This idea is only half baked, so I'm fine if someone wants to tell me to put it back into the oven for a while. It's just this: the other day I was subbing for a grade 12 class and in the five minute scrum before the bell they got talking at random about the end of the world. Apparently someone had done some research into the ancient Mayan calendar that predicts the world will end in 2012. They chewed this back and forth for a while, till someone asked me, "Don't Christians say the world's going to end, too?"
I did my best to explain: some Christians talk about the end of the world, but more accurately Christians believe in the end of the age and the resurrection of the dead, when Christ will return to establish his kingdom of peace.
One of the students sort of scoffed: "Yeah, and I believe in a plague of zombies that are going to take over the planet..."
Laughter.
I told them that they were free to laugh if they wanted to, but they also needed to know that I myself was a Christian and I shared this belief in the return of Christ.
He said: "Well, it's just that it's easier to believe in a plague of zombies than to believe in that."
From this point they started asking me what I knew about zombisim, and the conversation shifted.
But here's the half-baked thought that's been rising in my mind since this exchange. I have a feeling that if I'd shared about some esoteric belief from the Vedas, or about some mystical Nirvana experience, it would have got a better hearing than the credal belief in the Second Coming (even the Mayan calendar and Haitian Voodoo got more respect than the resurrection of the dead). And as I wondered about this, it struck me that the Vedas, the Mayan calendar, Nirvana, voodoo-- these things are all mysterious, mystical kinds of knowledge that are the special domain of the spiritual elite, kept hidden from public scrutiny. Unlike the public proclamation of the Gospel, they're spiritual secrets whispered in select ears.
And if someone's out to ridicule the faith convictions of others, these convictions are hard to ridicule because they aren't public. They're shrouded in an ambiguity that silences derision. But in the Gospel, God went public with his hidden wisdom. In the open scandal of the cross, he told the secret of his love for the creation to anyone who'd listen. He exposed it to public scrutiny.
And public ridicule.
Now this is not a typical, evangelical, "why's everybody always pickin' on me" pity-party. And I'm fully aware that there are non-Christian religious groups that our culture ridicules, some precisely because they are highly secretive; and I'm aware, too, that there was a lot of secrecy around communion and baptism in the early church, and the surrounding culture ridiculed them mercilessly for it. So my theory can't be pushed too far.

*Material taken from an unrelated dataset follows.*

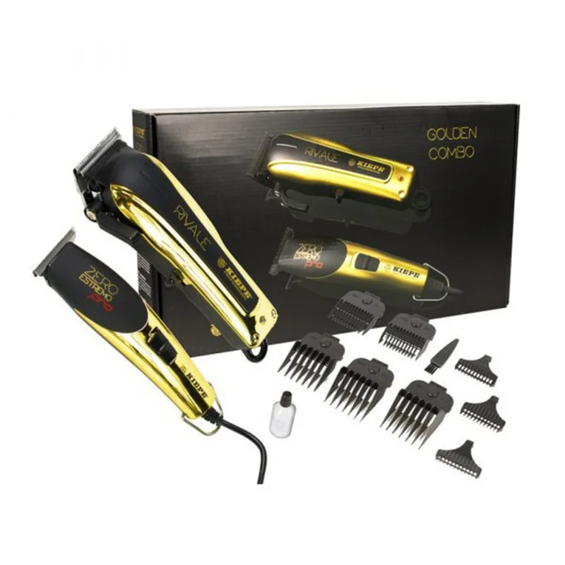 ست اصلاح کیپه شامل خط زن و ریش تراش Kiepe set golden combo کیت ترکیبی طلایی Kiepe Rivale، کیت گیره و کیت اصلاح که شامل گیره شارژی حرفه ای Rivale است که می تواند با کابل یا بدون کابل کار کند، با موتور DC با قدرت بالا و باتری لیتیومی با ماندگاری 120 دقیقه تا 150 دقیقه با شارژدهی 45 دقیقه. -60 دقیقه، تیغه های فولادی تیز با کیفیت بالا و حرفه ای با سیستم محافظت از پوست یکپارچه، بدنه هم عملی و هم با طراحی مدرن. تریمر طناب دار حرفه ای که برای تکمیل و پیرایش عالی است، با تیغه های فولادی که تضمین می کند دقیقاً همان سبکی را که می خواهید به دست می آورید که تا حداقل طول تا 0 میلی متر برش دهید. بسته ترکیبی شامل: برای ریوال کلیپر ، محافظ تیغه، برس تمیزکننده، بطری روغن، 5 شانه اتصال مغناطیسی جدید : 1.5، 3، 6، 10 و 13 میلیمتری، Zero Estremo Pro Trimmer همراه با محافظ تیغه، برس تمیزکننده، بطری روغن و 3 عدد شانه های پیوست 1.5، 4.5 و 6 میلی متر میباشد

But still. I wonder if being open to scrutiny to the point of ridicule isn't fundamental to Christian faith. Because there has always been something scandalously public about following Jesus. The spiritual secrets he whispered in our ears he asks us to shout from the roof tops, in a way that makes us almost spiritually immodest next to the secrecy of many other systems of belief. Perhaps when we can humbly open ourselves this kind of scrutiny (and its attendant ridicule) without defensiveness or sanctimony, we will have really learned what it means to be followers of a crucified Lord.